The Disinclined Page Turner

RAPT AT LAST: Kusel's formerly reluctant reader relaxes with a volume from the Penderwicks series.
Courtesy Susan Kusel
RAPT AT LAST: Kusel's formerly reluctant reader relaxes with a volume from the Penderwicks series.

When people learn that I’m a librarian, they make all sorts of assumptions. My house must be filled with books. I must have started reading to my children as soon as they were born. My kids must be wonderful readers.

The first two assumptions are true. The third is not.

My oldest son, who is 10, enjoyed the years I read picture books to him, but when it was time for him to strike out on his own as an independent reader, he floundered.

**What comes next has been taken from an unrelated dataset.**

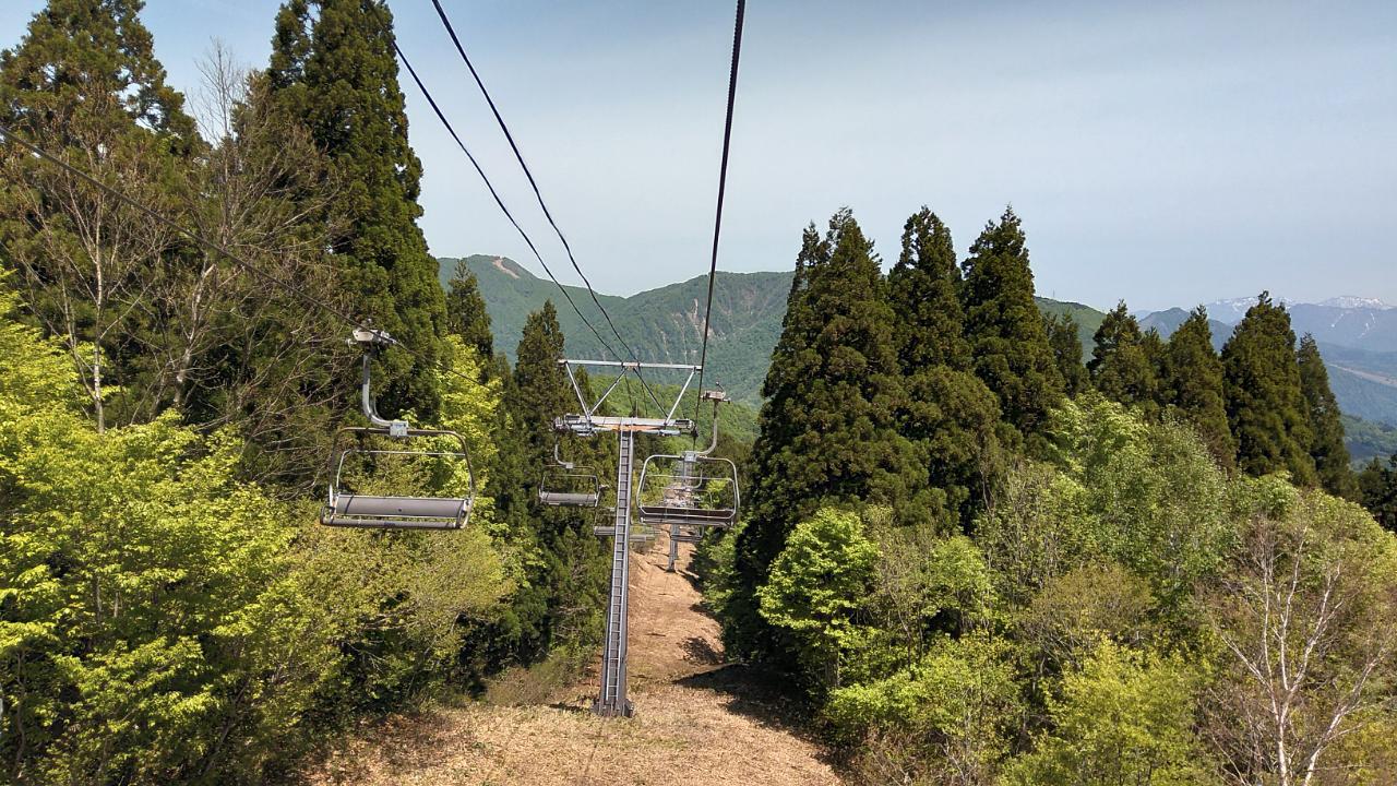 春のこのリフトの下りは景色良く

He was never interested in the books I thought were wonderful and brilliant. At the library, he checked out nonfiction books about sports, origami or animals, then barely read them. If he had to read a book, he chose something from a commercial series on Star Wars or Pokemon.

“Reluctant reader” is how the book industry labels kids who struggle with reading, kids who are usually boys. I’ve resisted using that label for my son because it puts him in a category I wish he weren’t in. I wish he were like other kids I know, reading at the bus stop, reading at meals, reading at every possible moment. But I know I have to accept that reading isn’t his favorite activity. And I have to be OK with that.

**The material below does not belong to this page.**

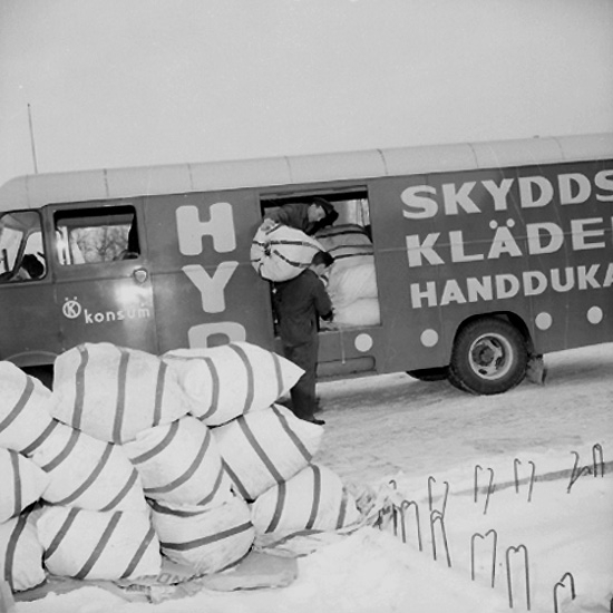 Bil med texten: "Hyr skyddskläder, handdukar", lastning, två män.

As a librarian and a bookseller, I’ve watched a certain dance unfold in the aisles more times than I can count. Parent and child come in together. The parent requests a book she knows from her childhood, such as a Nancy Drew or “Charlotte’s Web.” I pull it from the shelves. The child’s face falls as she looks at the front and back covers. The child pulls from the shelves a book she wants to read — a graphic novel or something about Calvin and Hobbes. The adult isn’t familiar with the book or it looks overly commercial, and her face falls.

Which book do they walk away with? That part of the dance changes each time. But I can tell you that when it is the child’s choice, the child’s nose is in it by the time the exit door is reached. Now, do I believe that kids should read only commercial books? As with all things in life, there needs to be a balance. A plateful of broccoli can be difficult to get down, but if we add a helping of potato chips from time to time, the broccoli goes down a lot easier.

In my work, I see parents who are overwhelmed because they are not aware of how much the field of children’s books has changed. They don’t know what’s out there, or they may be reading a book appropriate for a 5-year-old to a 2-year-old. So the next time you’re in a library or an independent bookstore, ask for advice. You’ll learn what is both first-rate and popular today in all categories of books and at every reading level. When you choose a book for a child, you need to accomplish two things. You need to find a book that both you and the child have a comfort level with. And you need to find a book the child will actually read.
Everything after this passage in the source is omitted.